“En cuanto Jesús salió del agua, vio que los cielos
se abrían y que el Espíritu descendía sobre él como una paloma.” Marcos 1:10 (Leer
Marcos 1:9-11)
El agua tiene
tantos significados, que es difícil hablar sobre ella. Es un símbolo de vida:
nos formamos y desarrollamos en agua dentro del cuerpo de nuestra madre; cuando
llega el momento de nacer, un torrente de agua da el aviso. El agua es
indispensable para la vida y la salud: pocas personas pueden vivir más de tres
días sin beber agua, ¿y quién quiere pasar muchos días sin poder lavarse?
Pero el agua
también es un símbolo de muerte. Hay personas que mueren en inundaciones o
debido a la fuerza de las olas o corrientes marinas. Y las enfermedades que
llenan el cerebro, el corazón o los pulmones de agua también pueden matar, incluso
estando en tierra seca.
Quizás sea por
eso que Jesús eligió el agua para marcar el comienzo de su ministerio público.

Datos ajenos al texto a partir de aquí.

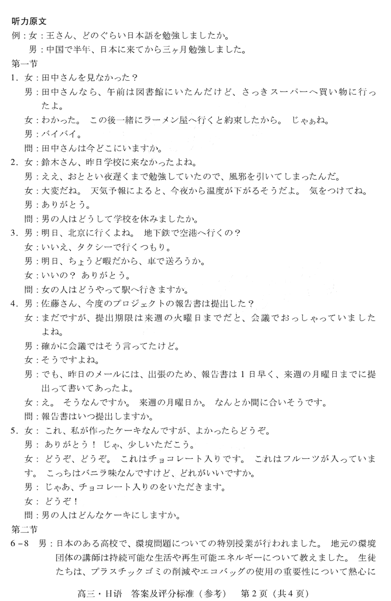 肇庆市2025届高三第二次模考暨汕尾期末日语试题及答案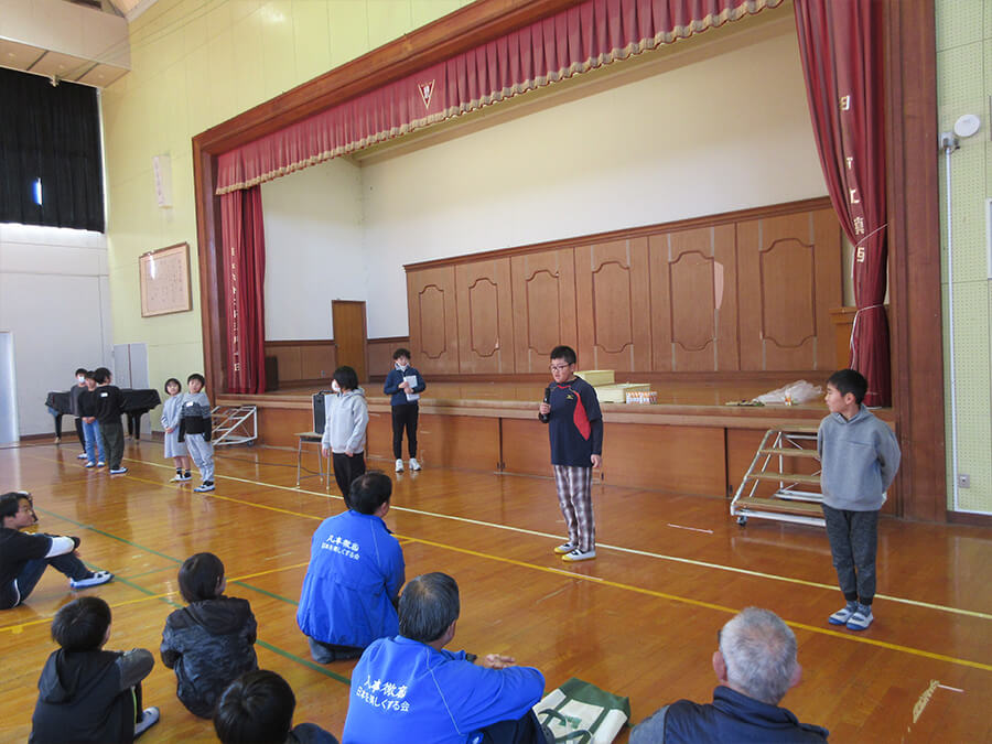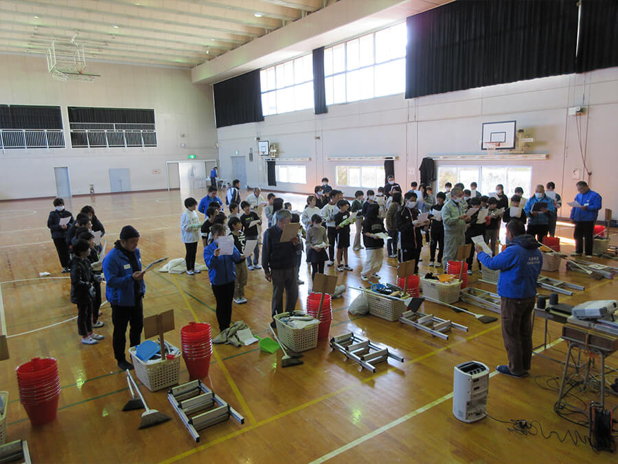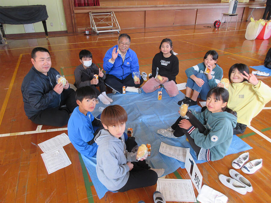 道具を洗って分別回収した後は体育館に集まって、パンとジュースによる昼食交流会です。開会式と比べてどの子もやり終えた満足感から気持ちがハイになりとても賑やかです。最後の感想発表では、「最初は嫌だったけど、やってみたらドンドン綺麗になるので楽しかった」と笑顔で発表が続き、場の雰囲気も和み温かくなっていました。
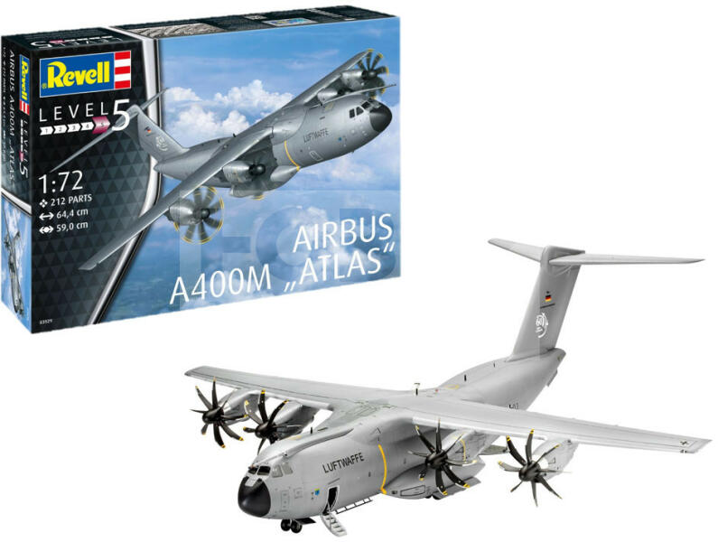 Revell Airbus A400M Luftwaffe 1:72 repülő makett 03929R Makett méretarány: 1:72 Alkatrész darabszám: 212 Makett hossúság: 64,4 cm Festést és ragasztást igénylő műanyag makett. A szükséges kiegészítőket, mint festék, ragasztó a készlet nem tartalmazza . Gyártó: Revell A Revell tradicionális nagy múltú makett gyártó. Már több mint 60 éve kápráztatja el a rajongóit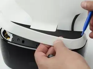 Используя пластиковый монтажный инструмент, аккуратно подденьте белую пластиковую панель с боковой стороны гарнитуры. Повторите для противоположной стороны.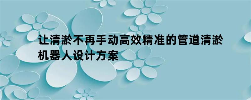 让清淤不再手动 高效精准的管道清淤机器人设计方案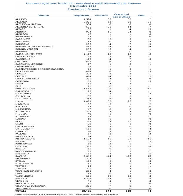 E' il quadro che emerge dall’analisi della Camera di Commercio Riviere di Liguria sui dati Movimprese che, in relazione al primo trimestre 2025, nella provincia savonese vede 28.461 aziende registrate agli elenchi, con un saldo negativo di 74 unità tra nuove iscrizioni e cessazioni, che corrisponde a un tasso di crescita del -0,26%.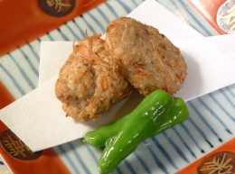 【材料】4人前 鯵4匹、青唐8本、木綿豆腐1/2丁、万能葱2本、午蒡1/2本、人参1/3本、生姜1片、 玉子1個、塩小さじ1/2、濃い口醤油小さじ2、赤味噌小さじ2、酒大さじ1、 味醂大さじ2、片栗粉大さじ2、サラダ油 |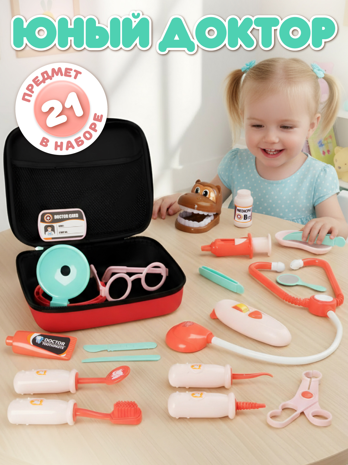 Игровой набор «Юный доктор» станет прекрасным подарком для малыша, с ним ребёнок окунётся в удивительный мир медицины и попробует себя в роли настоящего врача. Играя с набором, дети смогут весело и с пользой провести время, а также смогут научиться общаться с пациентами, проявлять сочувствие и заботу. Кроме того, яркие цвета и интересные детали набора способствуют развитию воображения и фантазии. В процессе игры малыши развивают мелкую моторику рук, логическое мышление, а также осваивают важные социальные и бытовые навыки.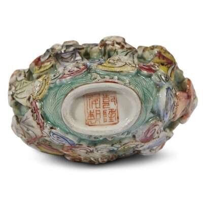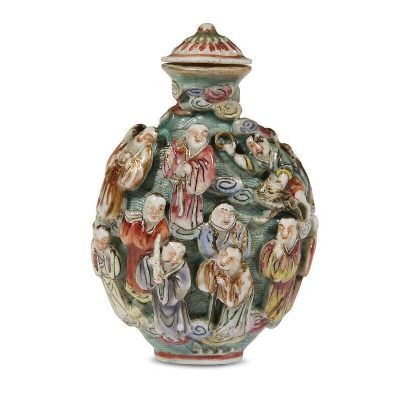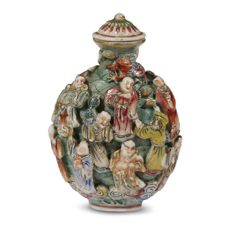 A Chinese molded and enameled porcelain "16 Lohan" snuff bottle inscribed with four-character qianlong mark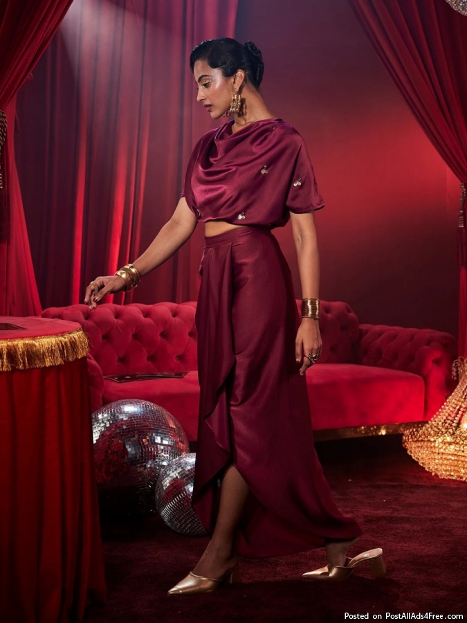 Amoura Satin Draped Skirt – Party Wear Long Dress & Event

Cuando Juan lo bautizó, Jesús se sumergió en el agua y volvió a salir. Esto es
un simbolismo o prefigura de lo que iba a hacer al final de su ministerio
público, cuando libremente fue a la muerte para salvarnos y luego resucitó
nuevamente a la vida.
Jesús nos
mostró el camino a través de su Bautismo. El apóstol Pablo nos recuerda:
"¿No saben ustedes que todos los que fuimos bautizados en Cristo Jesús,
fuimos bautizados en su muerte? Porque por el bautismo fuimos sepultados con él
en su muerte para que, así como Cristo resucitó de los muertos por la gloria
del Padre, así también nosotros vivamos una vida nueva" (Romanos 6:3-4).
Al comienzo de
su ministerio Jesús nos muestra el camino a través de las aguas de la vida y la
muerte y nos ofrece un nuevo nacimiento a través del Bautismo en el nombre del
Padre, del Hijo y del Espíritu Santo. La muerte sigue estando, sí; la muerte
por nuestra vieja naturaleza pecadora, por el mal que nos acosa e infecta
nuestro corazón y mente. Y eso nos asusta. Pero Jesús ya conquistó la muerte y,
a través del Bautismo, nos hace hijos amados de Dios y nos promete la vida
eterna junto a él.
ORACIÓN: Señor Jesús, gracias por el don de la
vida a través del Bautismo. En este día y cada día de mi vida, ahoga el pecado
que hay en mí y levántame para vivir contigo en gozo y paz. Amén.